*Task brief:*
Copy only those lines which run from the line containing "Подсолнух, роза кустовая" to the end of the entries below, both inclusive, exactly as written and with no pictures.

(Source records)
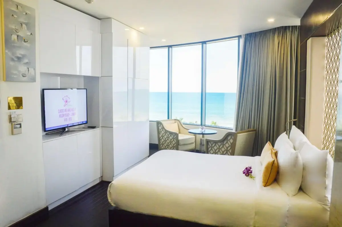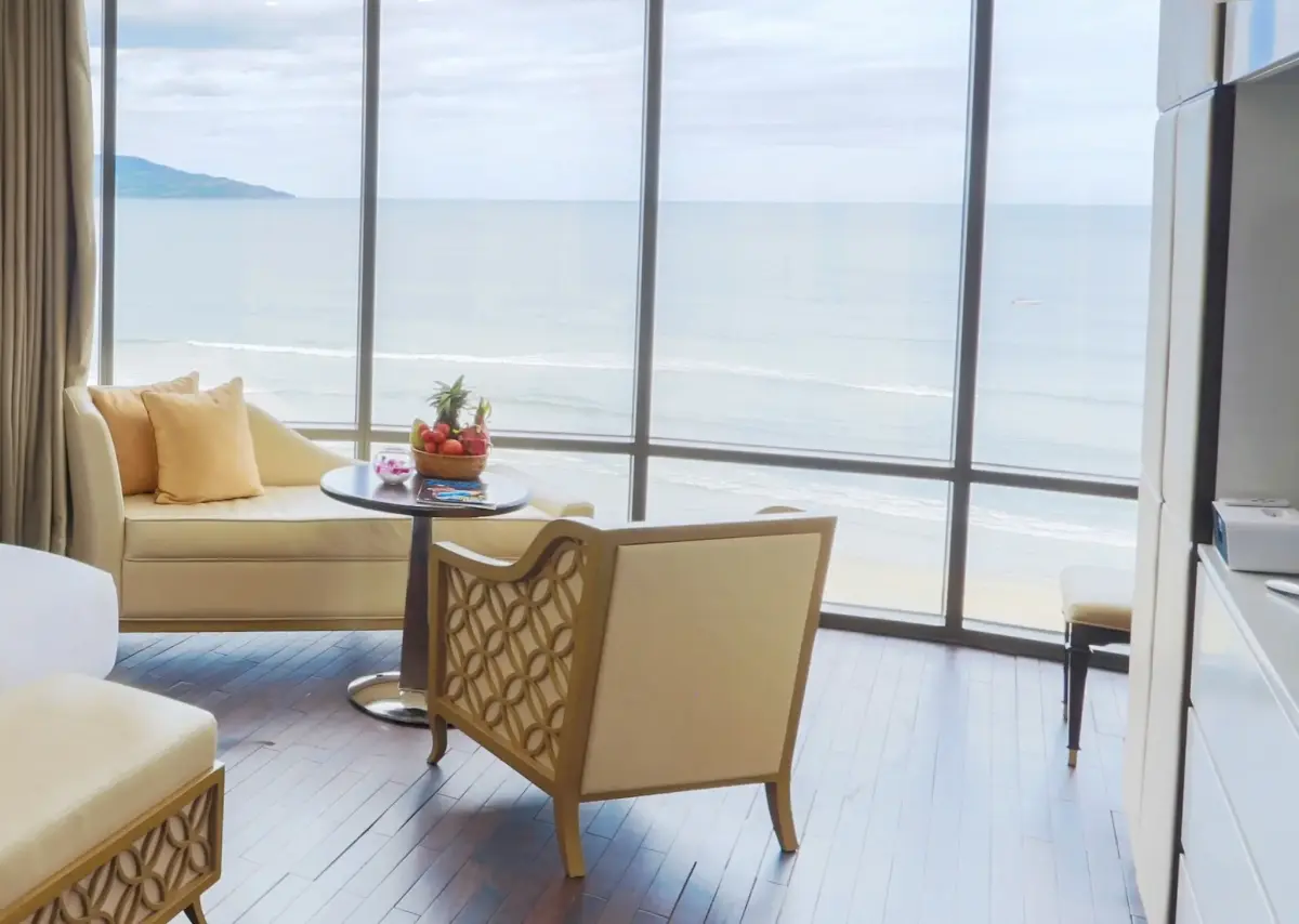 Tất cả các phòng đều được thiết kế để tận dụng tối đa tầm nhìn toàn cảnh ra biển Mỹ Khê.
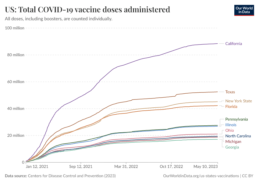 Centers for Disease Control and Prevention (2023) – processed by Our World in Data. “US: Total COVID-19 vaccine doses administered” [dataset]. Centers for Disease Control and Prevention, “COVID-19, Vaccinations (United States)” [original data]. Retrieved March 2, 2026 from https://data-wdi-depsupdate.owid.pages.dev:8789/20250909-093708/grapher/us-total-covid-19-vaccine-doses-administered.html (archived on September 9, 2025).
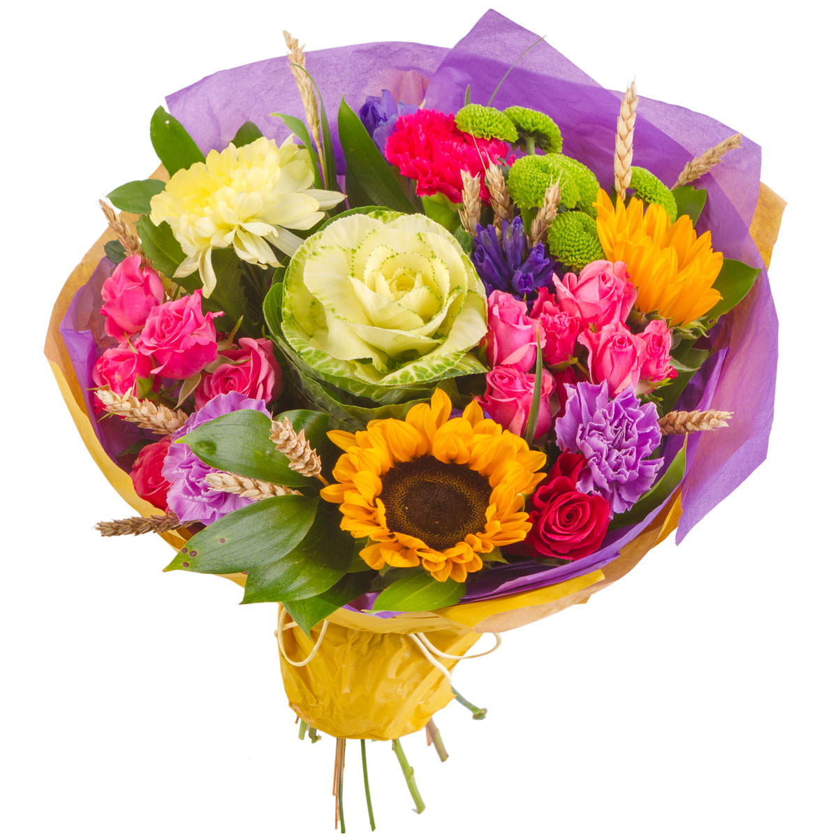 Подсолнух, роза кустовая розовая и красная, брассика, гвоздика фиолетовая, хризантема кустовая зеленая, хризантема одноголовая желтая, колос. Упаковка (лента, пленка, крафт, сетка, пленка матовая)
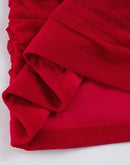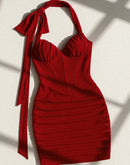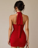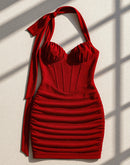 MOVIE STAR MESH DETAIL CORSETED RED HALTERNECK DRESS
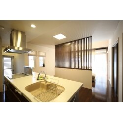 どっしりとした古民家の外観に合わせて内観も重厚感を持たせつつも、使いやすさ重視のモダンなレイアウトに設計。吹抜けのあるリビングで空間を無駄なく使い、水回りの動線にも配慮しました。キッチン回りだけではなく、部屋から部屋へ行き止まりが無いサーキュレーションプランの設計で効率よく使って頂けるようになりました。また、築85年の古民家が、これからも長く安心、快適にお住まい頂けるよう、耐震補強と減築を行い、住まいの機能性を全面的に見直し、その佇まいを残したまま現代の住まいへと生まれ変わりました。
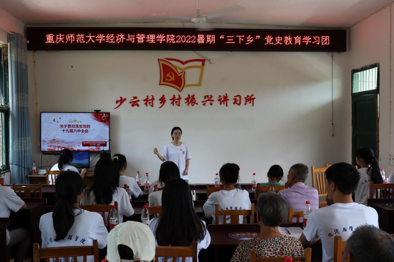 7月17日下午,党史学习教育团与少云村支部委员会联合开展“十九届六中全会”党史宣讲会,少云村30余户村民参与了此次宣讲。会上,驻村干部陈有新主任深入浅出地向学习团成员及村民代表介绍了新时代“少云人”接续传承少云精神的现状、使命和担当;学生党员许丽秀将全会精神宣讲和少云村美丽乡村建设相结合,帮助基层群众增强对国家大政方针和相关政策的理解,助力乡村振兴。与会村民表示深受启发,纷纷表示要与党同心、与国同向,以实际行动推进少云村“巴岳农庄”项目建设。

*Solution for this exercise:*
 Подсолнух, роза кустовая розовая и красная, брассика, гвоздика фиолетовая, хризантема кустовая зеленая, хризантема одноголовая желтая, колос. Упаковка (лента, пленка, крафт, сетка, пленка матовая)
 MOVIE STAR MESH DETAIL CORSETED RED HALTERNECK DRESS
 どっしりとした古民家の外観に合わせて内観も重厚感を持たせつつも、使いやすさ重視のモダンなレイアウトに設計。吹抜けのあるリビングで空間を無駄なく使い、水回りの動線にも配慮しました。キッチン回りだけではなく、部屋から部屋へ行き止まりが無いサーキュレーションプランの設計で効率よく使って頂けるようになりました。また、築85年の古民家が、これからも長く安心、快適にお住まい頂けるよう、耐震補強と減築を行い、住まいの機能性を全面的に見直し、その佇まいを残したまま現代の住まいへと生まれ変わりました。
 7月17日下午,党史学习教育团与少云村支部委员会联合开展“十九届六中全会”党史宣讲会,少云村30余户村民参与了此次宣讲。会上,驻村干部陈有新主任深入浅出地向学习团成员及村民代表介绍了新时代“少云人”接续传承少云精神的现状、使命和担当;学生党员许丽秀将全会精神宣讲和少云村美丽乡村建设相结合,帮助基层群众增强对国家大政方针和相关政策的理解,助力乡村振兴。与会村民表示深受启发,纷纷表示要与党同心、与国同向,以实际行动推进少云村“巴岳农庄”项目建设。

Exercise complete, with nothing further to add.